CGS Administrators has detailed guidance for avoiding and appealing denials of E/M visits during the global surgery period. The Part A/B MAC lists this error as one of the top five modifier coding errors in claims that it receives. Practices can avoid remittance advice remark code CO-97 (Global surgery denials) by checking the global surgery period for any procedures the practice performed for the patient. The MAC recommended CMS’ Medicare physician fee schedule look-up tool. You can enter the code or codes you want to search, select “Payment Policy Indicators” and the global period will be in the sixth column of your search result. 

Providers should also be familiar with the rules for reporting modifiers 24 (Unrelated evaluation and management service by the same physician during a post-operative period) and 25 (Significant, separately identifiable evaluation and management service by the same physician on the same day of the procedure or other service), CGS Administrators said. 

5 post-payment recoupment risks

Front-end claim denials of your E/M services will catch problems with information you submit with a claim. But post-payment reviews such as a targeted probe and educate (TPE) audits will uncover problems with the documentation for the visit. Because these problems can go undetected until an outside auditor looks at them, they can accumulate for years and generate the unpleasant surprise of a hefty overpayment demand.

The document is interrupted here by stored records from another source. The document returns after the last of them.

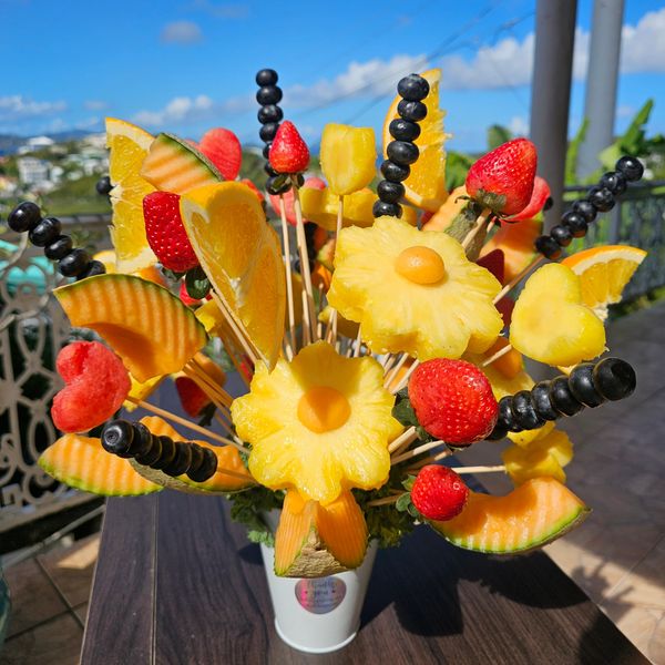 Fresh seasonal fruit arrangements designed to look like bouquets.
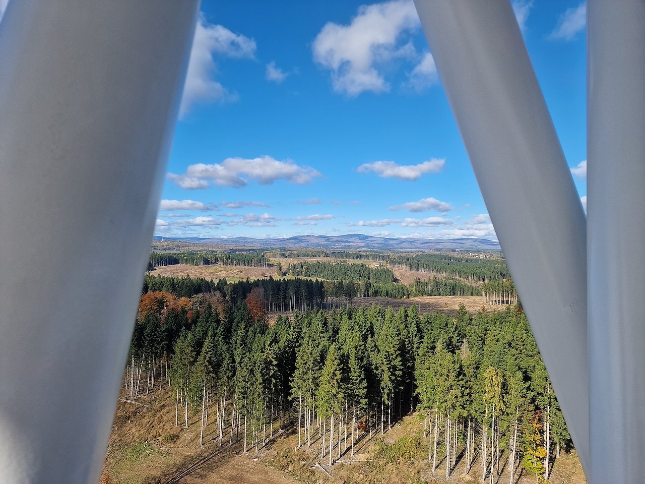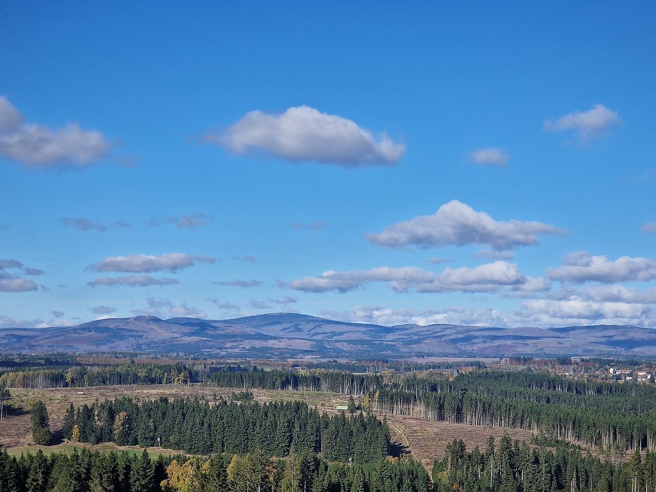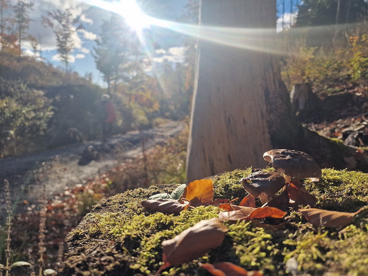Sonnenschein und herbstliche Farbenpracht waren die Wegbegleiter auf dem Weg zum Turm. Vom Schützenhaus bei Sülzhayn ging es über die alte Poststraße hinauf nach Rothessütte. Kurz vor dem Ort lugte schon der Hexenbesen hervor, von oben bot sich schließlich beste Aussicht über Harz und Herbstwald.
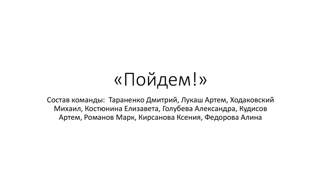 «Пойдем!»Состав команды: Тараненко Дмитрий, Лукаш Артем, Ходаковский
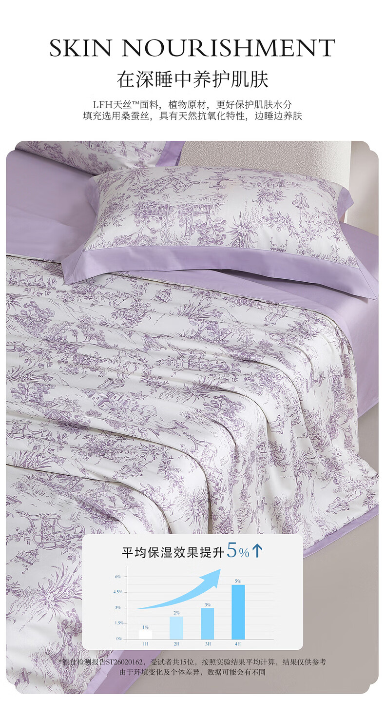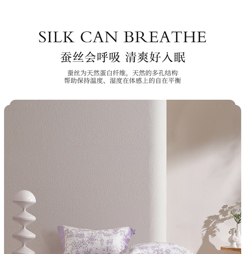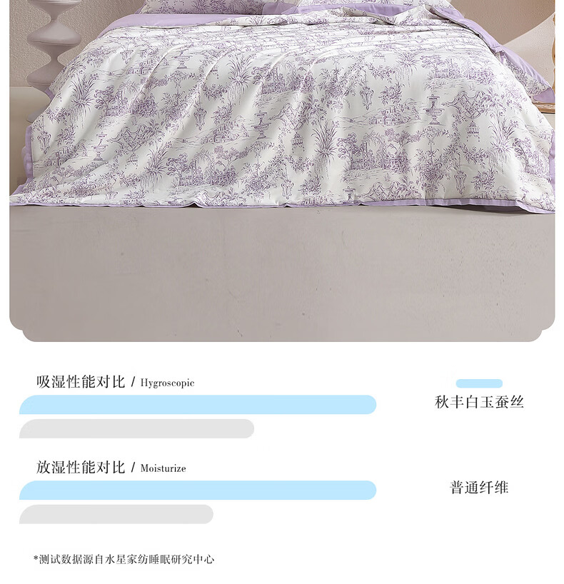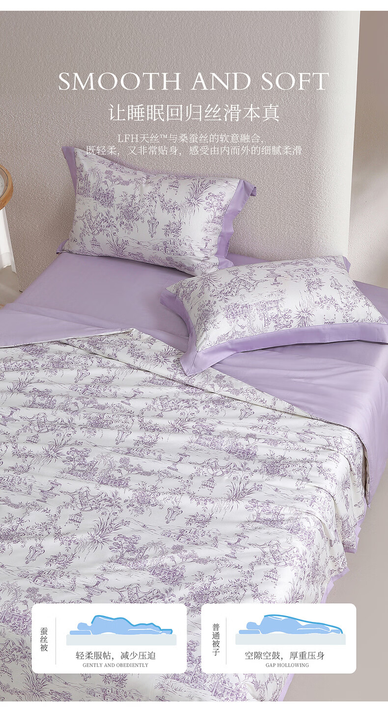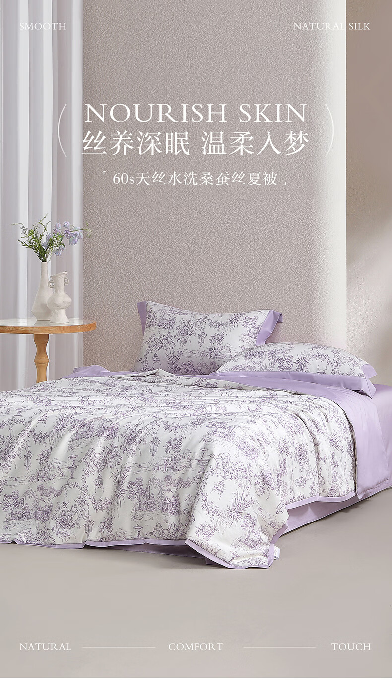 水星家纺100%桑蚕丝夏被空调被夏凉被子A类抑菌可机洗 南法·雾岸叙语水洗桑蚕丝夏被(浅紫色) 150cm*200cm

First Coast Service Options (FCSO) and Novitas have released the results of TPE audits for established E/M visits. FCSO’s report covers claims for CPT code 99214 submitted between August 2023 and February 2024. Novitas has released reports on claims for CPT codes 99213 and 99215 submitted between March 2024 and July 2024 and claims for CPT code 99214 submitted between April 2024 and July 2024. The MACs found the following documentation errors for these claims:

  1. Providers submitted documentation that did not meet the medical necessity requirements outlined in Medicare’s coverage requirements.
  2. The documentation did not support the medical necessity for the reported level of medical decision-making, and some providers left money on the table. According to Novitas, providers are downcoding as well as upcoding their claims.
  3. The documentation did not support the level that the practice billed.
  4. The documentation did not support the E/M service that the practice billed.
  5. The documentation did not support billing the visit “incident to” a physician’s services. 

Even though practices have been using the updated E/M coding guidelines for office visits since Jan. 1, 2021, these errors show that providers and coders still need training reinforced by internal review of documentation and claims. 

Staff responsible for training and compliance should make sure everyone is using Medicare’s current rules for documenting and reporting E/M visits from CMS 100-04, chapter 12, §30.6. Your staff must also follow additional guidance your MAC has issued on documenting office visits. In addition, they should be trained on the guidelines in the 2024 CPT Manual and know when Medicare’s rules diverge from what’s in the manual. You should continue regular internal reviews of claims with additional education until staff show they’re fluent in the latest requirements.